Deseaba que se abriera al fin y mostrara sus verdaderos sentimientos. Sonrió con satisfacción al comprobar que ella finalmente, comenzaba a hablar.

- Raimundo y yo nos amábamos. Desde niños. Desde siempre. O… o al menos eso era lo que yo creía -. Se levantó de la silla, dándole la espalda. – Después de jurarme una y mil veces que me quería, prefirió casarse con otra por dinero y despreciarme -. Lo encaró con lágrimas en los ojos. – Fin de la historia -.

Don Anselmo se levantó y fue hacia ella. Tomando sus manos entre las suyas. 

- ¿Fin de la historia? ¿Está segura de ello, Doña Francisca? -.

- ¿Qué quiere decir? -. Frunció el ceño.

- No se haga la ingenua conmigo -. Le amonestó con visible ternura. - ¿Usted todavía le ama? -.

¿Amarle? ¡Más que a su propia vida! Esa era la condena que cargaba sobre su espalda y que la torturaba incesantemente al saber no correspondido ese amor. ¿Cómo seguir amando a alguien que te ha causado tanto dolor? Ante los ojos de los demás se mostraría como una mujer débil y dependiente por seguir queriendo a la persona que la abandonó.

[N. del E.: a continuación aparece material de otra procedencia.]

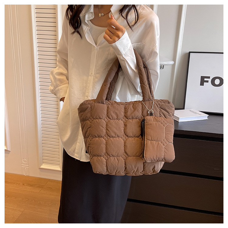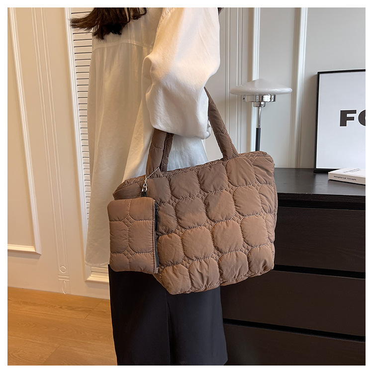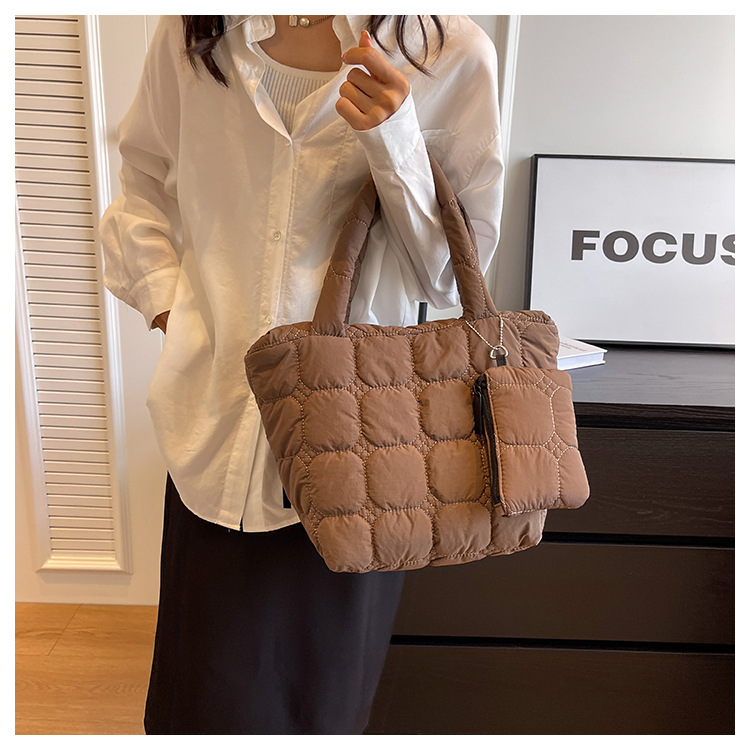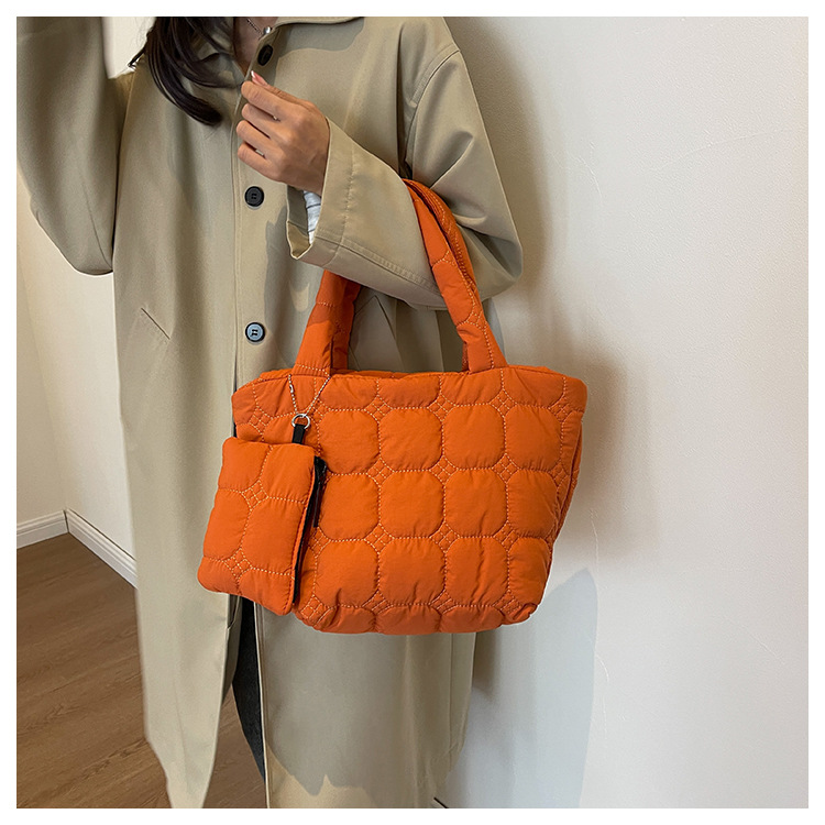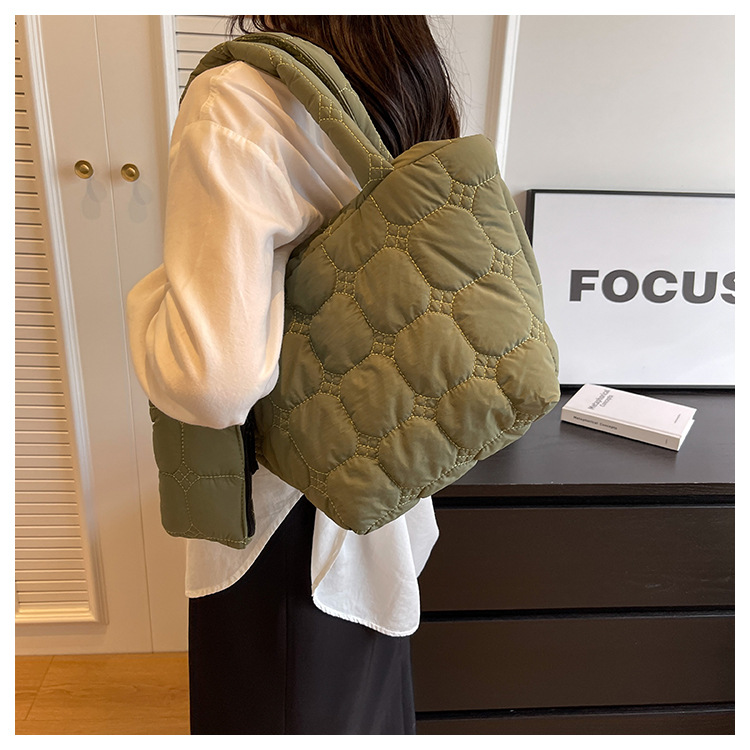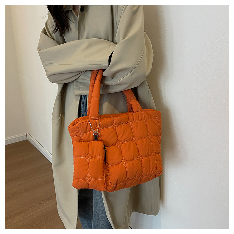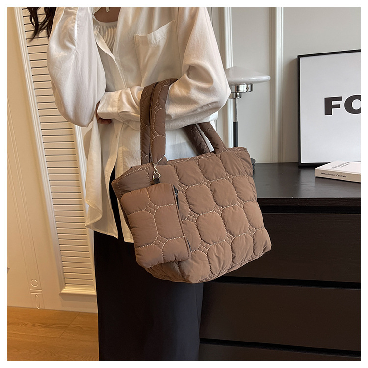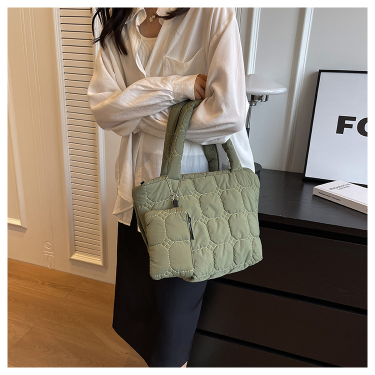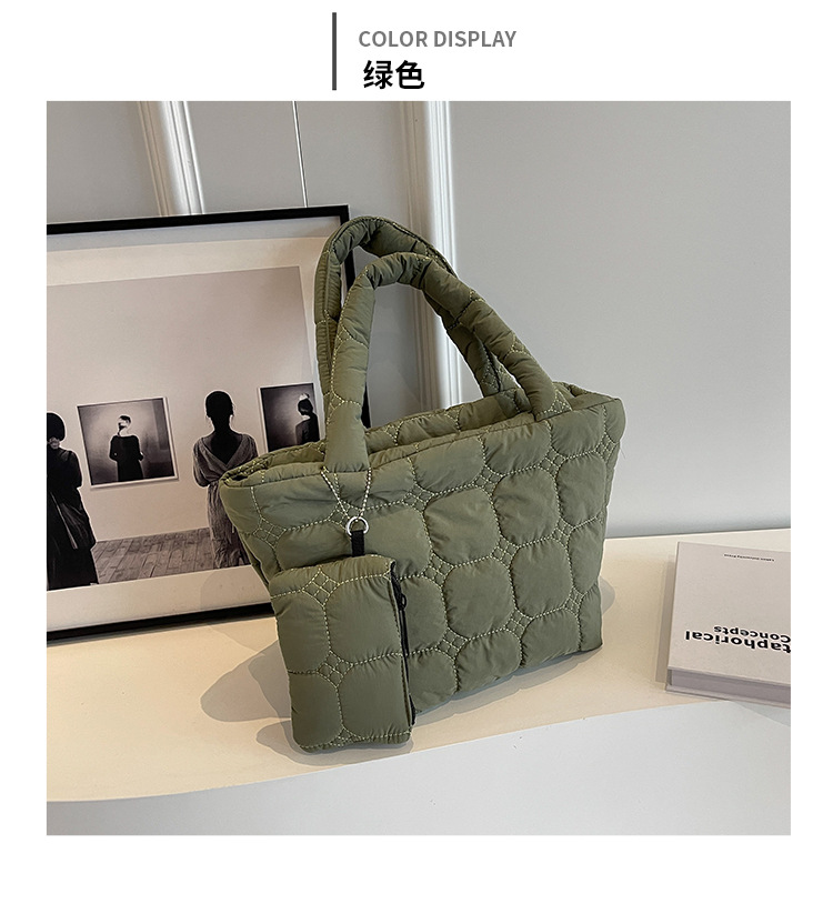 2023 가을과 겨울 New Space 코튼 토트백 언더암 백 여성 코튼 패딩 자켓 백 한국 자수 실 여성용 핸드 숄더백

- ¿Qué más da lo que yo sienta, padre? -. Se soltó de sus manos y se encaminó de nuevo hasta la silla, tomando asiento. – Raimundo me desprecia -. Un intenso dolor impregnó sus palabras. Pero rápidamente, recuperó la compostura que había perdido durante aquellos minutos eternos. – Vuelvo a pedirle que se olvide de todo este asunto. Y por favor, le rogaría que ahora me dejara sola -.

No había más que hablar. Y sin embargo, aquella conversación había revelado mucho más de lo que él esperaba. Con una leve inclinación de cabeza, se despidió de ella dejándola sumida en su propio infierno particular. El mismo que había vislumbrado en Raimundo la noche anterior. Y del que él pensaba sacarlos a ambos, costase lo que costase.